Ask HN: How low is too low for a Glassdoor review? - tonym9428
When accepting or considering an offer, what is the lowest Glassdoor review that you think is acceptable.<p>I&#x27;ve gotten an offer from a healthcare company who has a rating of 2.0 and that is scaring me.<p>Every previous company I worked for was in tech and had a rating of 4.0 or better
======
ocdtrekkie
I would look at the substance, not the rating, and see how it meshes with
their own perception of them. Bear in mind a lot of companies are going to see
Glassdoor reviews posted by angry ex employees most of all. How many people
stop to post positive reviews of former employers there? And I suspect a lot
of tech companies game the system a bit, have a lot of current employees
placing reviews, etc.

But ideally if you've met some people there and have a feel for the company,
you're going to have some impression or gut feeling if those reviews are right
or not. Trust that feeling.

------
erikig
This is a good question and I'm curious to see the HN community's responses.

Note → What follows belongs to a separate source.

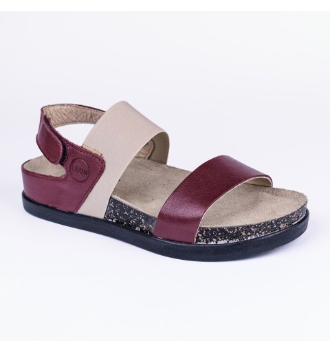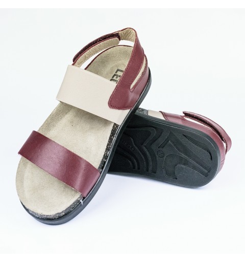 Sandale dama, de vara, din piele, Leon 1253, bordo

I would first check to confirm that the rating is statistically significant
and sound. Do both companies you are comparing collect ratings from active
team members? Are the ratings for the healthcare company from disgruntled
employees that left?

I would also pose that question to the healtcare company and the team that you
spoke to during the interview process. I would ask the questions like these:

\- Is the team aware of the issues?

\- What steps are being taken?

\- What can I as a new employee do to make things better?